Last year, I wrote about a new book from Stacy Tornio and Ken Keffer that offered awesome ways for kids to get excited about nature, The Kids’ Outdoor Adventure Book: 448 Great Things To Do In Nature Before You Grow Up. After also putting out We Love Nature!: A Keepsake Journal for Families Who Love to Explore the Outdoors, they have teamed up for a third book: The Truth About Nature: A Family’s Guide to 144 Common Myths about the Great Outdoors (Helena, MT: FalconGuides, 2014, 232 pp.).
One does not need to know all the details about nature to get outside and enjoy the world. But, knowing some things sure does help, and folks – kids and adults alike – will be curious about things they see, touch, smell, or hear. A lot of what we know about nature – about plants, animals, the physical environment – we learn in school, in visits to museums and zoos, and programming on TV or the internet. And some of what we learn we hear from other people, and in turn might share that information with others. It’s gauranteed that something you learned about nature just simply is not true. This is where The Truth About Nature comes in. Tornio and Keffer, while wanting to get kids and families excited about nature, are dispellers of myths and misconceptions that many people have always held about how things in nature were.

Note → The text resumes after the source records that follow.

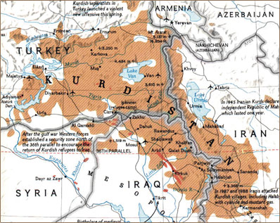 Het Koerdische volk is één van de oudste volkeren ter wereld (12.000 jaar). De 40 miljoen Koerden beschikken nog altijd over geen enkel land waarvan de grenzen zijn herkend. Het is op heden ook het enige volk ter wereld dat geen enkele vrijheid kent. Le peuple kurde est l'un des plus anciens de la planète (12.000 ans). Sa population, forte de quelque 40 millions d'individus, ne dispose d'aucun pays aux frontières reconnues. C'est aussi, à l'heure actuelle, le seul peuple au monde à ne bénéficier d'aucune liberté. |
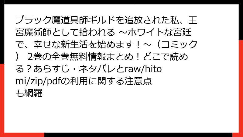 - 『ブラック魔道具師ギルドを追放された私、王宮魔術師として拾われる』2巻を海賊版サイトで読むリスク完全ガイド
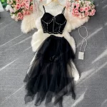 Cake mid-length a-line rhinestone tube top mesh skirt
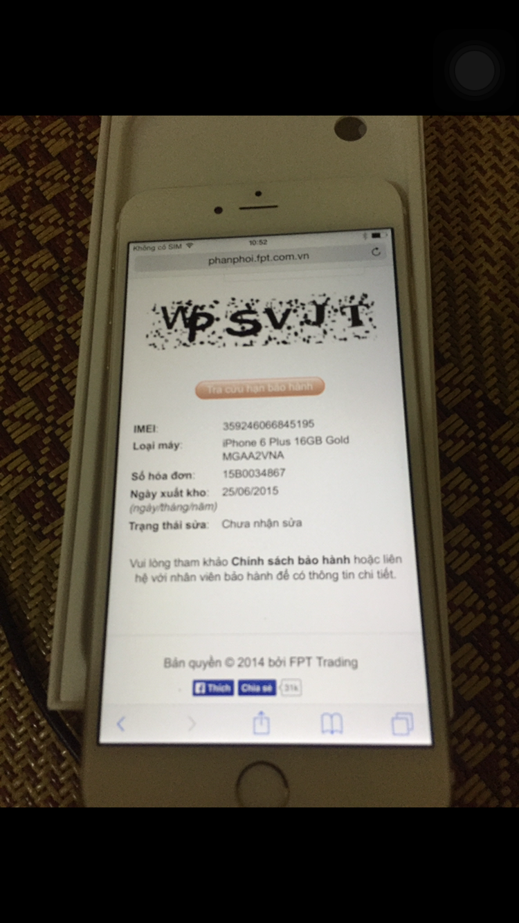 Mình cần bán chiếc iphone 6Plus Gold 16Ghàng fpt còn bảo hàng dài hạn
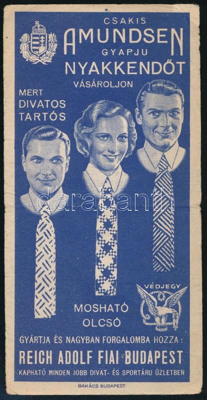 Reich Rudolf Fiai Amundsen nyakkendő számolócédula, hajtott https://www.darabanth.com/de/415-Fernauktion/415.0/Kunst-Dokumente-andere-Sammelgebiete/Werbungen~500022/Reich-Rudolf-Fiai-Amundsen-nyakkendo-szamolocedula-hajtott~II2605106
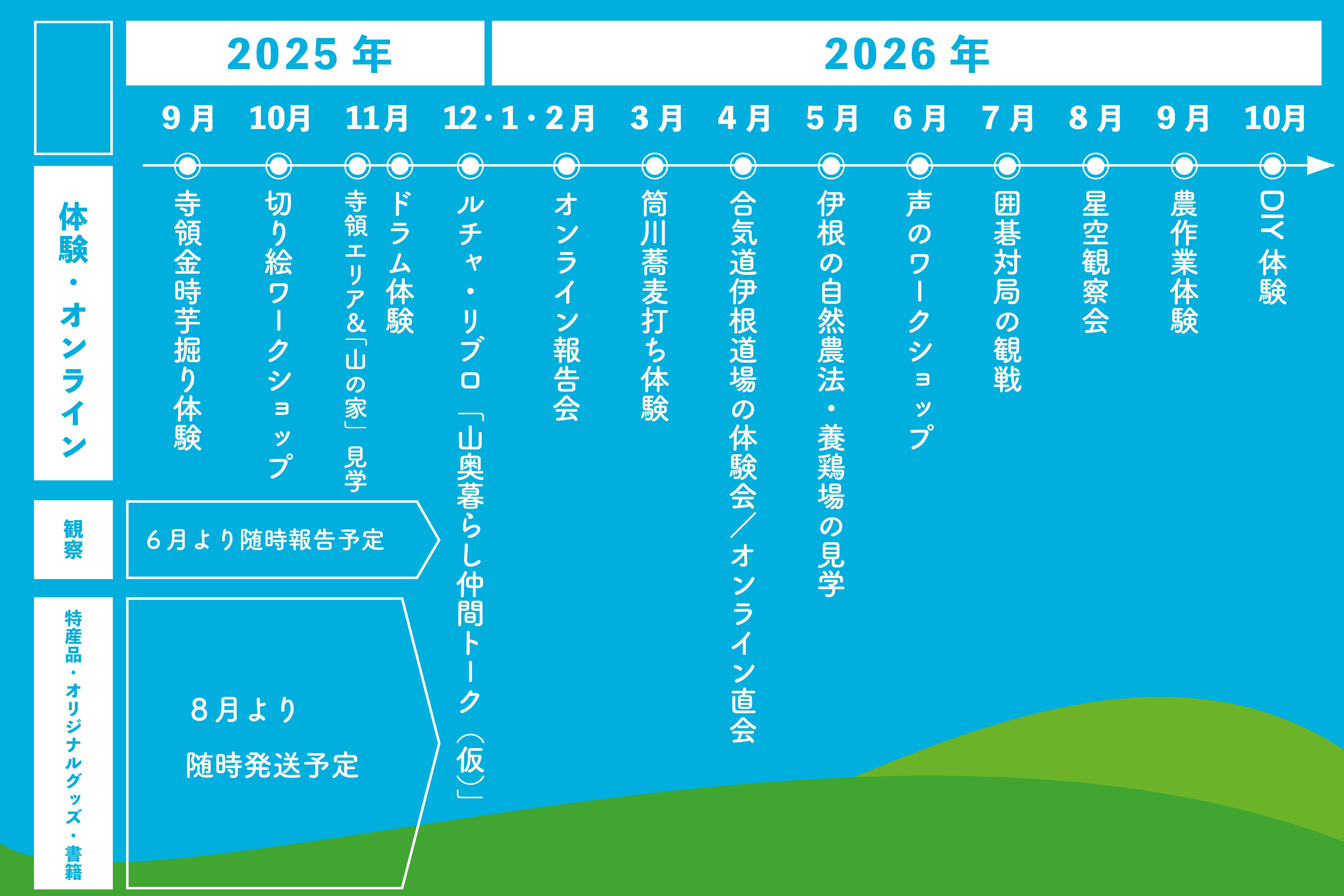 当プロジェクトへの支援をご検討いただきありがとうございます。私たちの感謝の気持ちを込め心ばかりのリターン(支援のお返し)をご用意いたしました。寺領そして伊根町の特産品や「寺領の寺子屋」をはじめ寺領の魅力を体験いただけるよう工夫しました。また「山の家」は大変不便な場所にあるため、距離に関係なく参加いただけるリターンもご用意しました。これらを通じて私たちの思いが皆さまに届き、よりよきご縁で結ばれることを願っています。

For folks in the Pacific Northwest, here’s one nature myth from the book that might dispel your previous thoughts:
Myth 113: Moss only grows on the north side of trees
About the myth: Go out for a hike in the woods and find moss growing on a tree. Chances are it’s on the north side of the tree. The proof is right there!
The truth: Yes, moss does often grow on the north side of trees, but it can grow anywhere it’s shady. So look a little harder to see if you can find it growing on other sides as well. The reason it likes growing on the north side the most is because of the way Earth is tilted toward the sun. In the Northern Hemisphere the north gets less sun than the south. But if you were to go to the Southern Hemisphere, where the south gets less sun, you’d see that moss grows more on the south side of trees!
The takeaway: If it’s a shady enough area, moss will grow on any side of a tree. Do your own little experiment: Go for a hike and see where you can find moss growing.
Additional facts: Moss is kind of a weird plant. It’s considered a non-vascular plant, and it doesn’t have any roots. It needs a lot of water since it doesn’t have toots to drink up water like most plants. So in addition to looking for moss in shady spots, look in damp areas, too.
Interestingly, the nature park in Beaverton where I previously worked has an interpretive sign along the main trail about this. It states: “Are you lost? Forget the folk tale about moss growing on the north side of trees. In truth, mosses flourish on the wet side of trees.”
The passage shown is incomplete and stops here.